Capital contre travail

La loi Macron fait du travail une marchandise comme une autre.

Dominique Plihon  • 7 mai 2015 abonné·es

La stratégie d’Emmanuel Macron, ministre de l’Économie, étoile montante de l’oligarchie politico-financière, est claire : la réindustrialisation de la France passe par la mise en place d’une nouvelle démocratie actionnariale [^2]. Le développement industriel requiert un « capitalisme de long terme » favorable aux entreprises et à l’investissement grâce à des financements adéquats, dont la finance actionnariale doit être le principal vecteur. Trois leviers, selon Emmanuel Macron, doivent être mobilisés pour développer l’actionnariat et assurer le rebond industriel français.
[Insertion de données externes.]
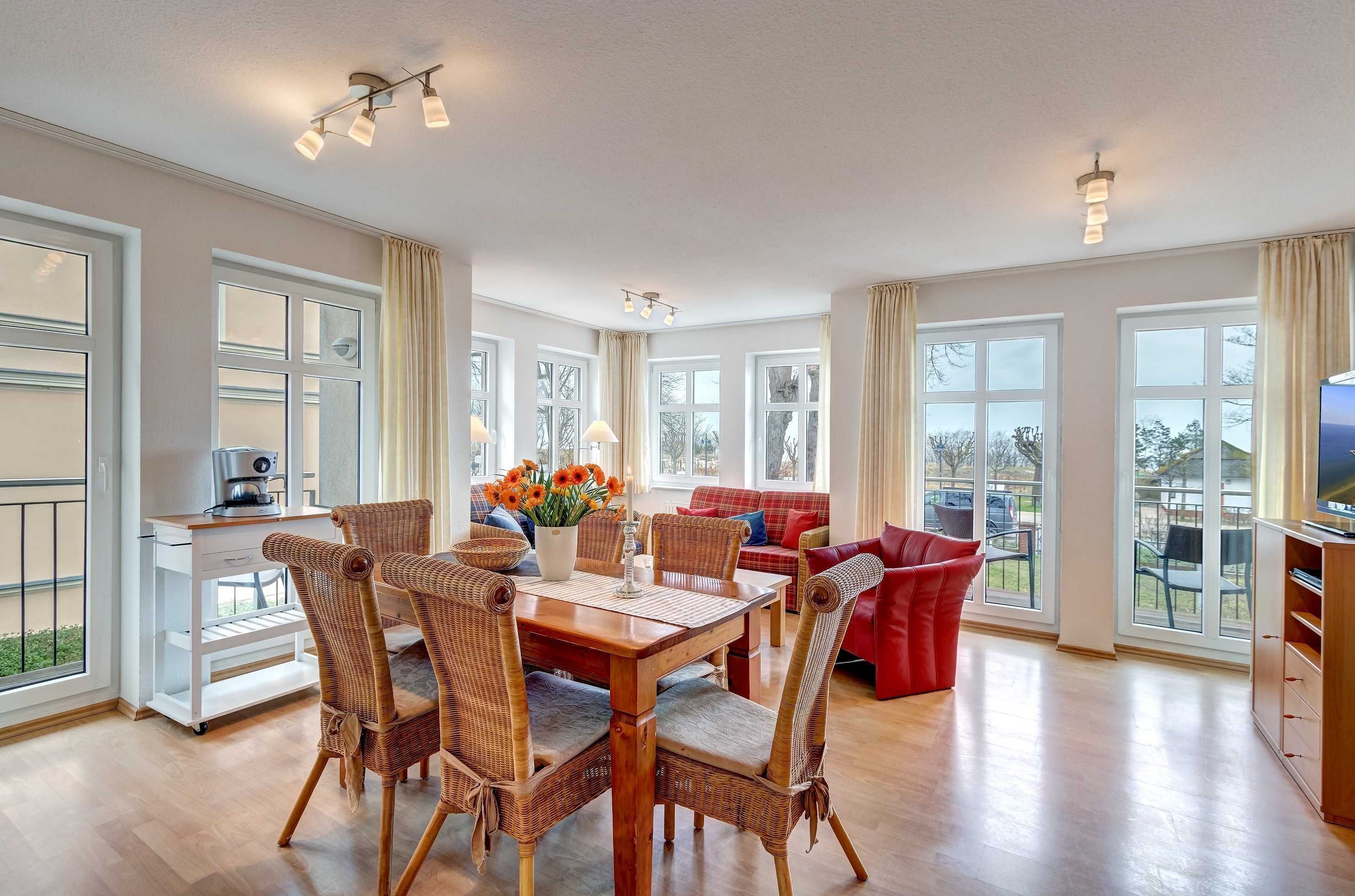 L'appartamento con una superficie di 40 m² si trova al primo piano della casa. L'appartamento di 2 locali è moderno e offre spazio per un massimo di 2 persone per una piacevole vacanza. La zona giorno, con un balcone soleggiato sul lato sud-ovest e posti a sedere, è dotata di un moderno salotto e zona pranzo, TV e radio / lettore CD / DVD. Un angolo cottura completamente attrezzato con piano cottura elettrico, frigorifero con congelatore, lavastoviglie, forno a microonde, macchina da caffè e tostapane si trova nella zona d'ingresso. Sono inoltre disponibili una camera da letto con letto matrimoniale con una superficie letto di 1,60 mx 2,00 me un bagno di luce naturale con doccia e servizi igienici. Non sono ammessi animali Un parcheggio (n. 6) è disponibile nel garage sotterraneo della casa ed è incluso nel prezzo. È possibile parcheggiare le biciclette in una stanza adiacente nel garage sotterraneo.

En premier lieu, il faut inciter les Français à investir dans les entreprises, notamment par le biais de l’actionnariat salarié et par une fiscalité et une réglementation plus favorables aux actionnaires. Deuxièmement, remobiliser les investisseurs vers le financement de l’économie, par exemple en orientant les fonds des caisses de retraite vers la détention d’actions françaises, ce qui est un signal clair pour la promotion des fonds de pension et du financement des retraites par capitalisation. Enfin, il s’agit de promouvoir l’actionnariat de long terme, propice au financement des entreprises, en attribuant un droit de vote double aux actionnaires conservant leurs titres au moins deux ans. Selon Emmanuel Macron, ces mesures permettront l’émergence d’un nouveau capitalisme financier [^3], condition sine qua non d’un nouvel essor de l’économie française. Cette vision, qui sous-tend la politique du gouvernement Hollande, repose sur une erreur tragique de diagnostic. La chute spectaculaire de plus de 20 % de l’investissement des entreprises françaises depuis le début de la crise ne provient pas de l’insuffisance de leurs ressources financières. La cause principale de cet effondrement industriel est la faiblesse des débouchés des entreprises, liée à un environnement économique déprimé par les politiques d’austérité budgétaire et salariale menées en France et dans l’Union européenne. Mais la stratégie du gouvernement comporte une seconde contradiction majeure. L’un des objectifs de la loi Macron, supposée « libérer l’activité », est de « flexibiliser » le marché du travail. La philosophie social-libérale qui sous-tend cette réforme fait du travail une marchandise comme une autre. Le contrat de travail est considéré comme une simple relation de gré à gré, « librement consentie » entre l’employeur et le salarié, qui devra être régie par le code civil, ce qui permet d’alléger la protection des salariés garantie par le code du travail. Ainsi, la réforme de la justice du travail contenue dans la loi Macron aboutit à donner un poids accru aux juges professionnels au détriment des juges prud’homaux.

Ici réside la seconde contradiction : le capitalisme dont rêve Emmanuel Macron fait des relations de long terme entre actionnaires et entreprises la condition du « rebond industriel », mais transforme les salariés en acteurs précarisés, plus faciles à licencier. Le contraire d’une relation de long terme entre les entreprises et les travailleurs, principale source de création de richesse pour la société !

[^2]: « Retrouver l’esprit industriel du capitalisme », Emmanuel Macron, le Monde, 25 avril.

[^3]: Cf. le Nouveau Capitalisme , Dominique Plihon (La Découverte, 2009).